La plateforme numérique « Parcoursup » est l’actuel mode d’admission dans l’enseignement supérieur français voulu par Jean-Michel Blanquer(7)https://eduscol.education.fr/2236/parcoursup-l-orientation-du-lycee-vers-l-enseignement-superieur. Il remplace le système « Admission Post-Bac », qui était très perfectible. Parcoursup n’aggrave ni n’améliore l’état déplorable de l’Université française. Il est autant compliqué, anxiogène, opaque et injuste que le dispositif auquel il se substitue. Il était censé assurer une transparence des critères d’admission dans le Supérieur et éviter le tirage au sort dans les formations en tension. En réalité, ces formations n’ont guère les moyens humains de discriminer les candidats et leurs algorithmes qui assurent le classement des candidats sont opaques. Le ministre avait également promis que, grâce aux réformes du bac et du lycée, les notes obtenues par les candidats à l’examen entreront en ligne de compte dans les critères d’admission dans les formations supérieures. Il n’en a rien été car il est impossible pour les formations supérieures d’intégrer, sauf à la marge, le résultat final du bac parmi les critères d’admission dans l’enseignement supérieur. Sur cette question majeure, le mensonge aura été total.

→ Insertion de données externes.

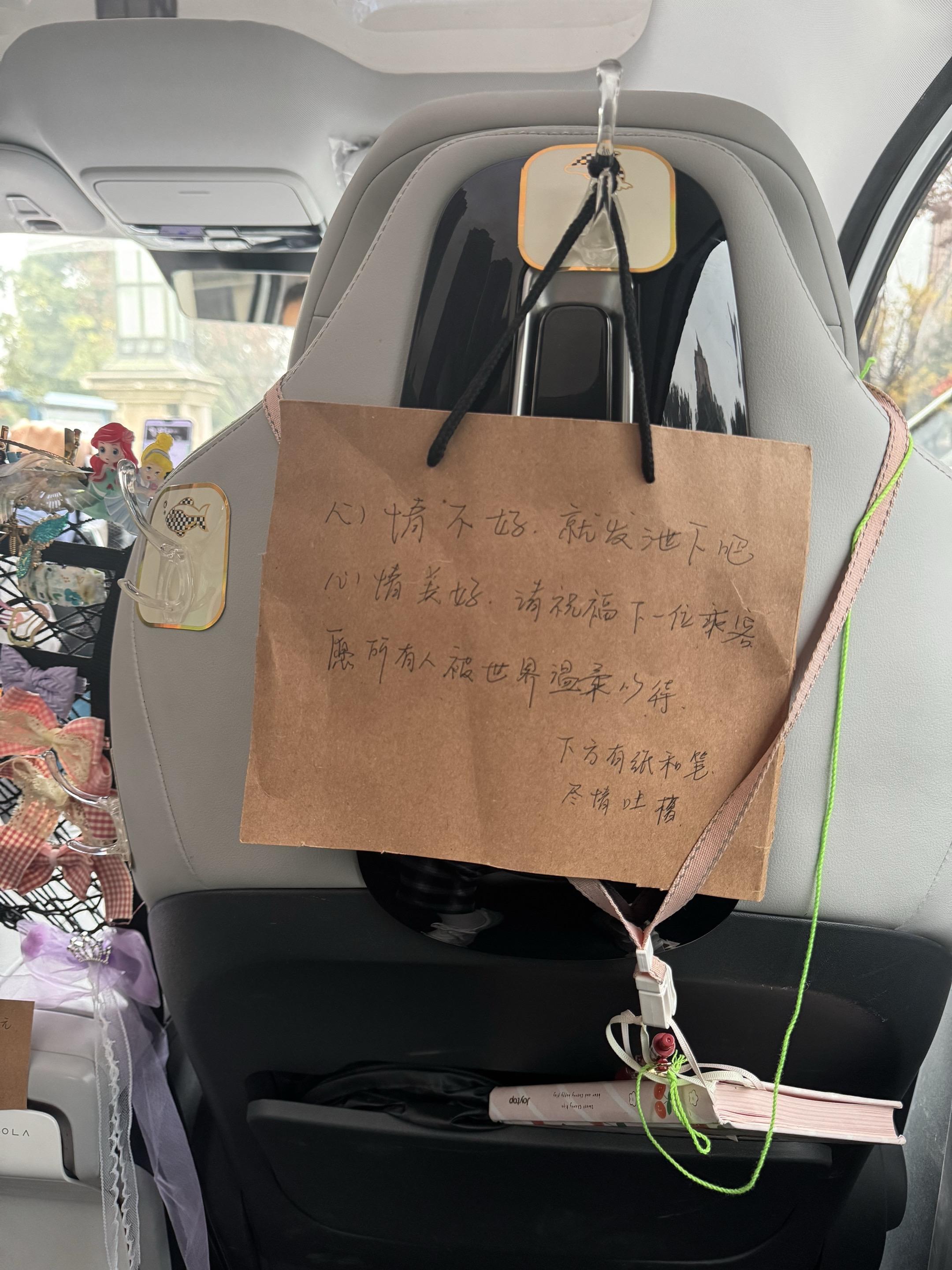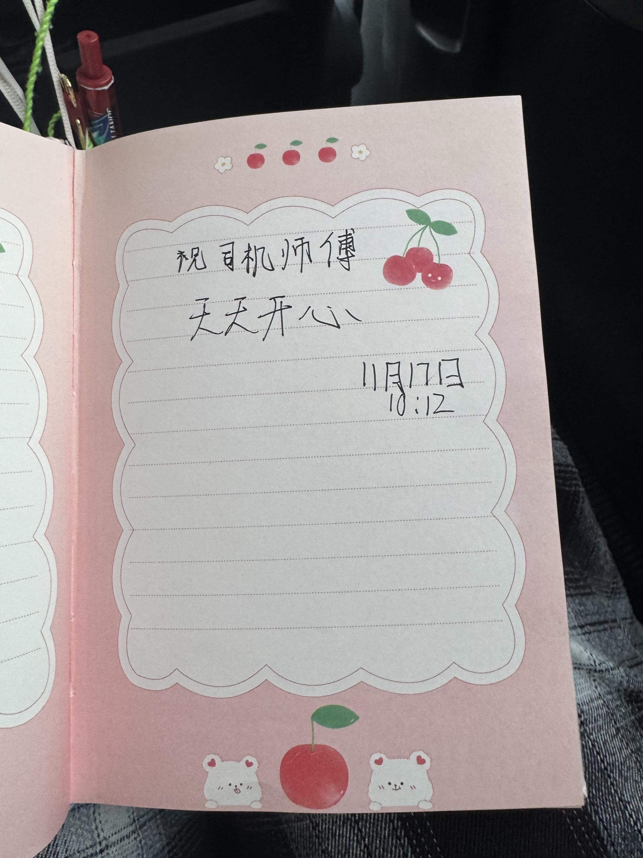 早上打车打到了一辆粉色的小车车。遇到了一个热爱生活的安静不说话的姐姐 她不会像别的司机一样不停的大声打语音 她只是安静坐在这里开车 我也发现了每个人不可诉说的秘密和对司机的祝福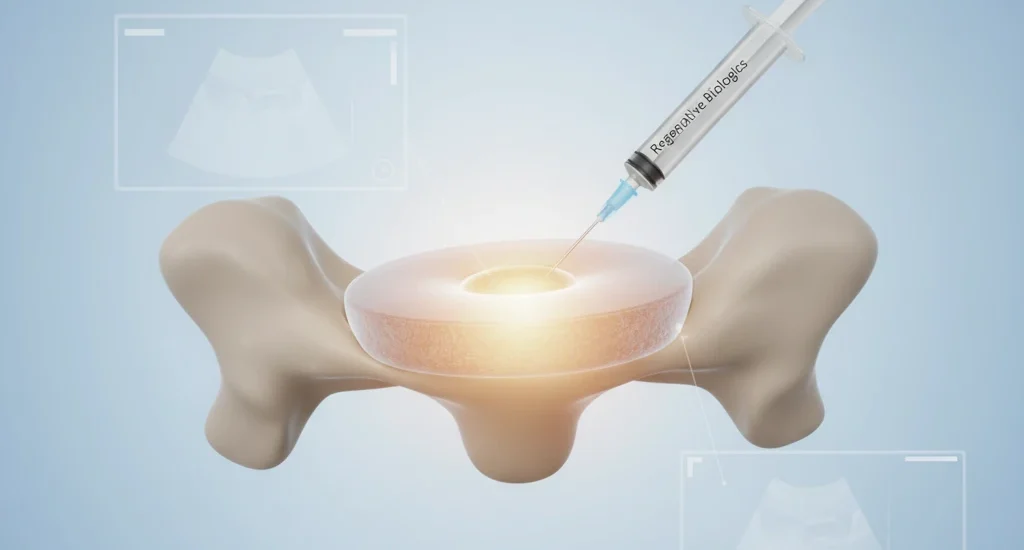 Biologic injection into a degenerated disc to regenerate tissue, restore height, and reduce discogenic pain.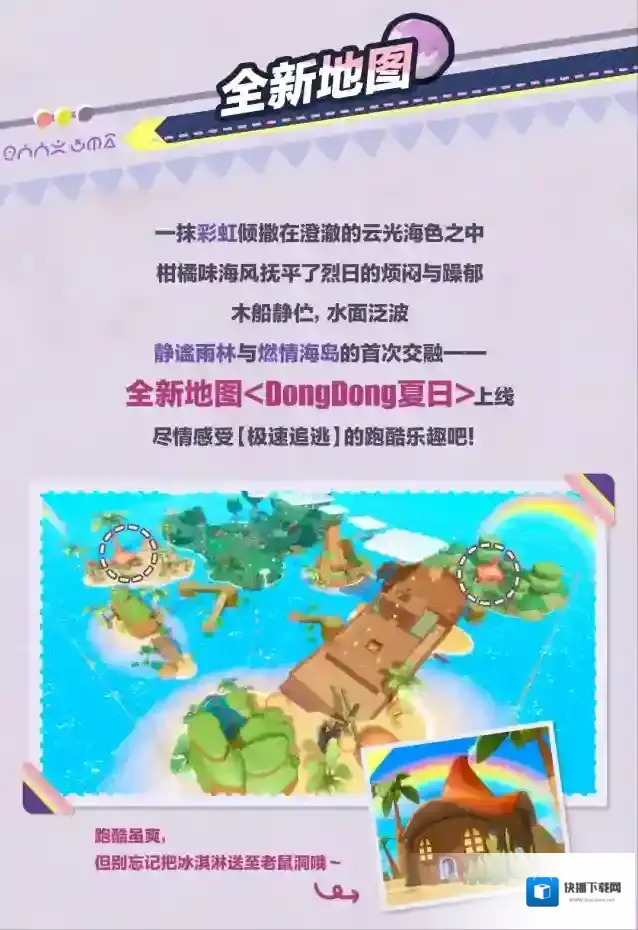 “蛋糕大作战”全新技能与地图登场海域上空惊现神秘城堡,蛋糕香气溢出围墙引来馋嘴蛋仔,然而未至深处,大门却悄然关闭……“蛋糕大作战”全新地图城堡正式上线!紫色雾气弥漫半空,心跳声音愈加急促,利用城堡纵横交错的地形与横亘的滑索,“你追我逃”的精彩剧目即刻开场,等待蛋仔亲自演绎!

… et qui embauche les 15-18 ans

Une fois dissipé, à l’épreuve des faits, l’enfumage de la communication ministérielle sur une prétendue amélioration des procédures d’admission dans l’enseignement supérieur, on pourrait imaginer qu’avec Parcoursup, l’articulation du lycée et de l’enseignement supérieur n’est aujourd’hui ni meilleure ni pire qu’auparavant. La réalité est plus sombre. Les bouleversements du bac et du lycée modifient sensiblement la façon dont les lycéens prépareront leur entrée dans l’enseignement supérieur. Désormais, tout élève est prévenu dès son entrée en Seconde que son avenir dans l’enseignement supérieur sera dirigé par le grand robot Parcoursup. L’élève est formaté de telle sorte que sa préoccupation majeure n’est pas de s’instruire et de se cultiver mais de « bien choisir ses spécialités » en vue de son dossier Parcoursup, le grand maître. L’individualisme calculateur et consumériste de l’élève est construit par l’institution scolaire selon la logique du néo-libéralisme contemporain. Le lycée considère pratiquement les élèves comme des individus promoteurs de leurs propres qualités personnelles dans un marché du travail impitoyablement compétitif.

L’individualisme calculateur et consumériste de l’élève est construit par l’institution scolaire selon la logique du néo-libéralisme contemporain.

Le dossier Parcoursup de l’élève comporte les notes obtenues en cours d’année de Première et de Terminale et à l’issue des épreuves anticipées de français. Il contient également divers documents d’accompagnement parmi lesquels une « lettre de motivation » pour chacun des vœux, conçue sur le modèle d’une lettre de demande d’embauche (8)https://cache.media.eduscol.education.fr/file/parcoursup_2019/53/8/FE_LETTRE_DE_MOTIVATION_MOTIVE_1068538.pdf. Il s’agit pour l’élève de s’ajuster habilement aux attentes de la formation. Il est recommandé d’y faire figurer des éléments biographiques flatteurs d’où on reconnaîtra l’origine socio-culturelle de l’élève. Il revient au professeur principal et au professeur référent de Terminale, transformés en conseillers pour l’emploi de jeunes de dix-sept ans, de participer à la rédaction de ladite lettre. Ils habituent ainsi les élèves à considérer que leurs qualités personnelles sont équivalentes à un capital monnayable puisqu’ils sont, dès le lycée, vendeurs de « compétences » conformes à l’impératif d’adaptabilité. Mais ni l’élève, ni sa famille ni son professeur référent, ne sauront si la lettre de motivation aura été lue par un humain, ou si le classement de l’élève résulte du seul algorithme de la formation. L’essentiel, pour le ministère, est que tous aient été conditionnés à rédiger l’équivalent d’une demande d’embauche dans le contexte du néo-libéralisme contemporain.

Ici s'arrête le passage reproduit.